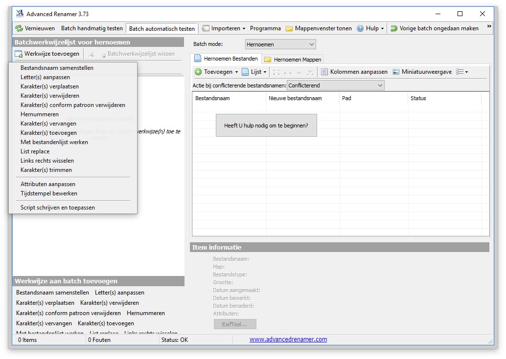 Als je weleens meerdere bestanden een andere naam wilt geven, dan is dit met de Windows Verkenner een langdurig proces. Met AdvancedRenamer gaat dit een stuk sneller. Naast karakters aan een bestaande bestandsnaam toevoegen, kun je ook bepaalde karakters verwijderen, letters en cijfers op een andere plek neerzetten of bepaalde karakters van de bestandsnaam afhalen. Vervolgens zie je in het rechtervak hoe de nieuwe bestandsnamen eruit gaan zien. Eventueel kies je een andere map om de bestanden op te slaan. Onderaan vind je nog extra eigenschappen van het geselecteerde bestand.
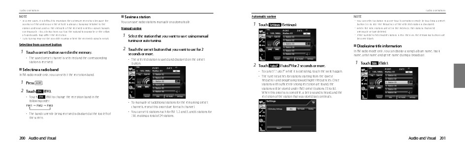 • You can select a station in a one-touch operation simply by touching a preset
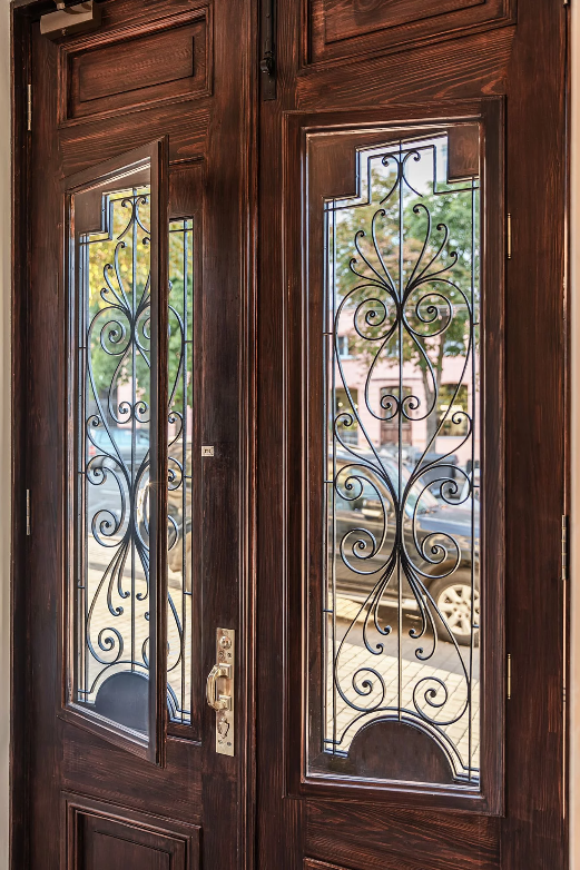 Крім цього, відтворена стулкова планка в центрі дверей та її декоративні елементи — гармонійно закінчують композицію, охороняючи під'їзд і зберігаючи температуру приміщення.
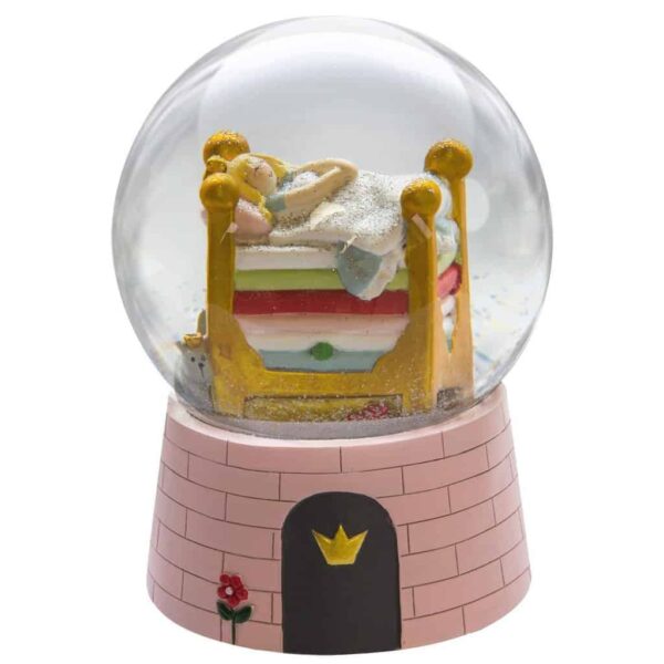 Snekugle pige Snekugle pige sød Kids by Friis snekugle med en bund i lyserød og med et fint mønster, så det ligner mursten. På fronten er der en lille brun dør med en guldkrone på. Inde i snekuglen ligger prinsessen på ærten i en guldseng med masser af ma
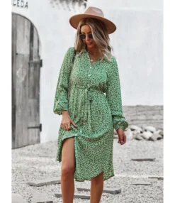 If you are looking for a turn-down collar button midi dress, this is the ideal dress. All the elements of this design are arranged perfectly. The belt element in this dress is stunning and gives a cool look. The cost of this dress is $12.2 only. You can wear this dress in the autumn and winter season. The exciting colors are green, blue, yellow, black, red, and navy blue. This item is made up of cotton blends and viscose, along with the inelastic nature. The further details about the print of this dress are printed and all over floral. The combination of the necklace and the rings gives a more relaxed look. The most beautiful thing in this drawstring midi dress is its button on all over the shirt. These white buttons and the belt are best suited for you to wear on family occasions and parties.
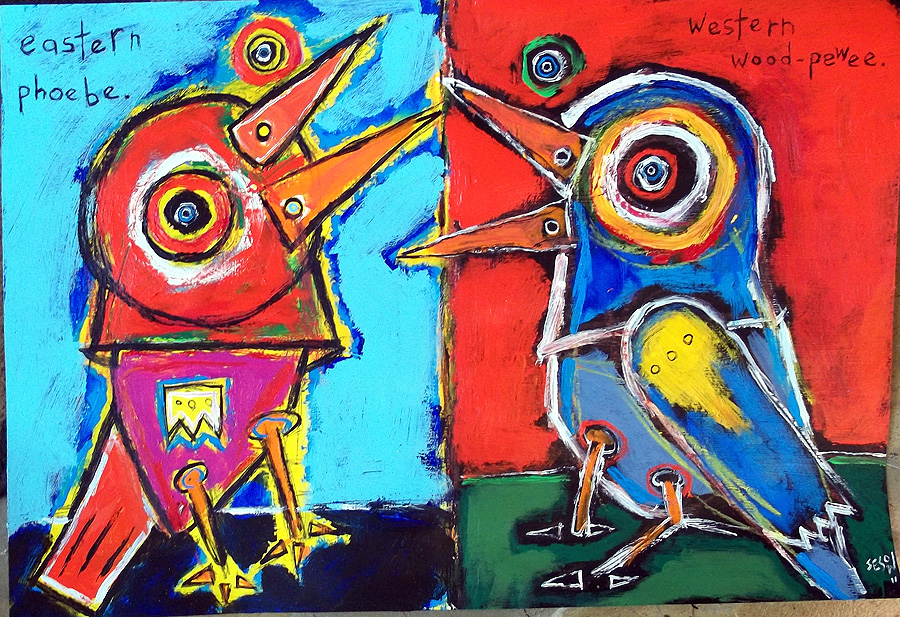 "Eastern Phoebe and Western Wood-Pewee" mix on watercolor paper 22" x 15" email sesow@sesow.com to reserve/ask about purchasing. please include url and description. |
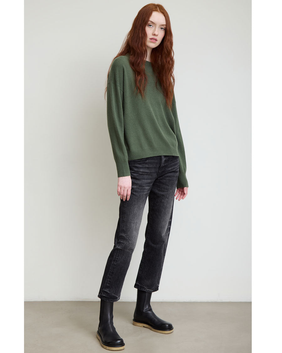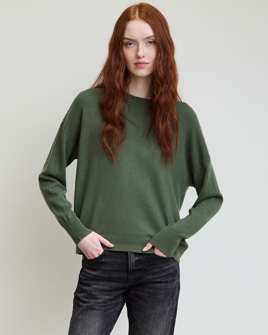 A lightweight everyday crewneck with dropped shoulders, ribbed cuffs and hem, and a relaxed fit.
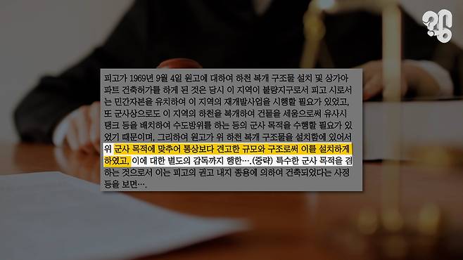 유진상가도 지어질 당시 정부가 어떤 군사적 목적으로, 설계에 어떤 지시를 했는지 전부 공개된 바가 없었는데, 1985년 시공사인 신성건설이 서울시를 상대로 하천사용료 소송을 낸 것에 대법원이 ‘군사 목적에 맞추어 통상보다 견고한 규모와 구조로써 이를 설치하게 하였고~’라고 판결하며(84누343) 군사적 목적이 있었다는 점이 세상에 공개되었다.
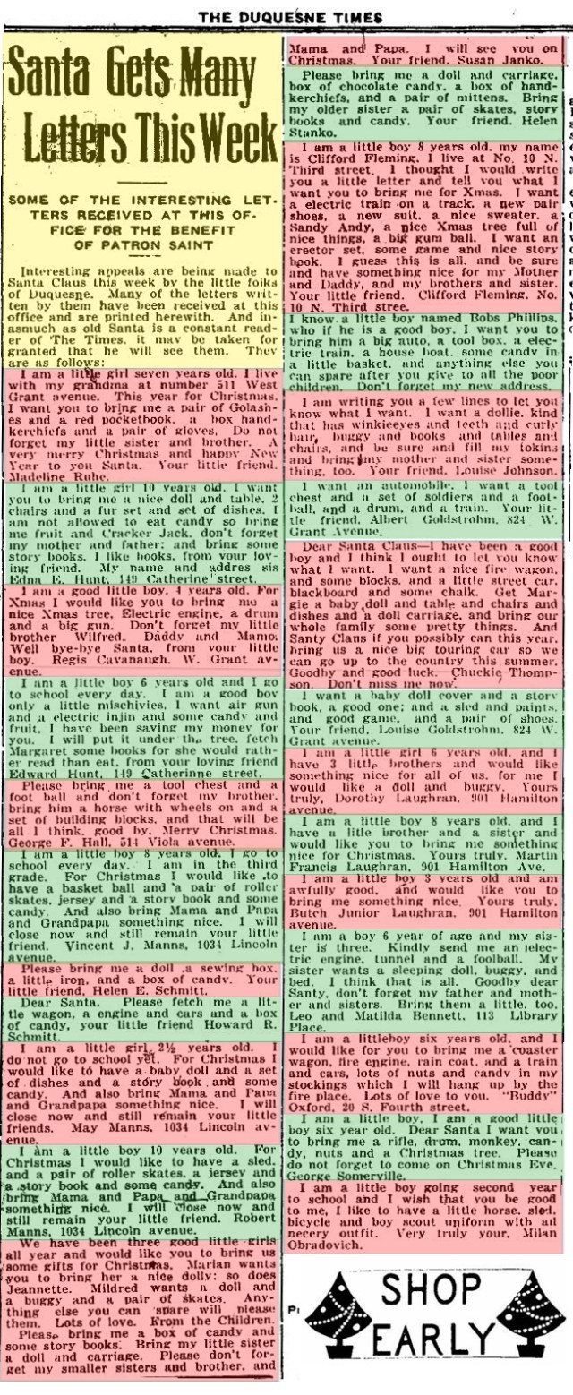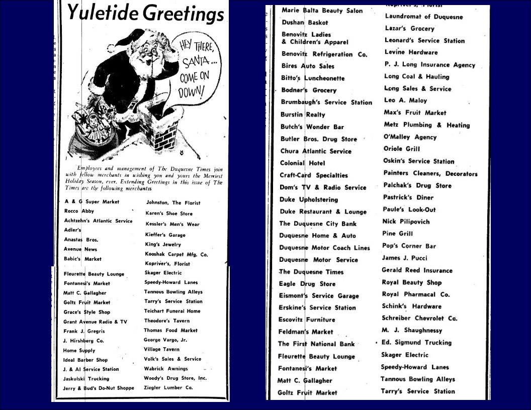 Two additional articles from the Duquesne Times – 11-30-1950 –
· · · ·
Give the data back exactly, omitting all pictures.

 Als je weleens meerdere bestanden een andere naam wilt geven, dan is dit met de Windows Verkenner een langdurig proces. Met AdvancedRenamer gaat dit een stuk sneller. Naast karakters aan een bestaande bestandsnaam toevoegen, kun je ook bepaalde karakters verwijderen, letters en cijfers op een andere plek neerzetten of bepaalde karakters van de bestandsnaam afhalen. Vervolgens zie je in het rechtervak hoe de nieuwe bestandsnamen eruit gaan zien. Eventueel kies je een andere map om de bestanden op te slaan. Onderaan vind je nog extra eigenschappen van het geselecteerde bestand.
 • You can select a station in a one-touch operation simply by touching a preset
 Крім цього, відтворена стулкова планка в центрі дверей та її декоративні елементи — гармонійно закінчують композицію, охороняючи під'їзд і зберігаючи температуру приміщення.
 Snekugle pige Snekugle pige sød Kids by Friis snekugle med en bund i lyserød og med et fint mønster, så det ligner mursten. På fronten er der en lille brun dør med en guldkrone på. Inde i snekuglen ligger prinsessen på ærten i en guldseng med masser af ma
 If you are looking for a turn-down collar button midi dress, this is the ideal dress. All the elements of this design are arranged perfectly. The belt element in this dress is stunning and gives a cool look. The cost of this dress is $12.2 only. You can wear this dress in the autumn and winter season. The exciting colors are green, blue, yellow, black, red, and navy blue. This item is made up of cotton blends and viscose, along with the inelastic nature. The further details about the print of this dress are printed and all over floral. The combination of the necklace and the rings gives a more relaxed look. The most beautiful thing in this drawstring midi dress is its button on all over the shirt. These white buttons and the belt are best suited for you to wear on family occasions and parties.
 "Eastern Phoebe and Western Wood-Pewee" mix on watercolor paper 22" x 15" email sesow@sesow.com to reserve/ask about purchasing. please include url and description. |
 A lightweight everyday crewneck with dropped shoulders, ribbed cuffs and hem, and a relaxed fit.
 유진상가도 지어질 당시 정부가 어떤 군사적 목적으로, 설계에 어떤 지시를 했는지 전부 공개된 바가 없었는데, 1985년 시공사인 신성건설이 서울시를 상대로 하천사용료 소송을 낸 것에 대법원이 ‘군사 목적에 맞추어 통상보다 견고한 규모와 구조로써 이를 설치하게 하였고~’라고 판결하며(84누343) 군사적 목적이 있었다는 점이 세상에 공개되었다.
 Two additional articles from the Duquesne Times – 11-30-1950 –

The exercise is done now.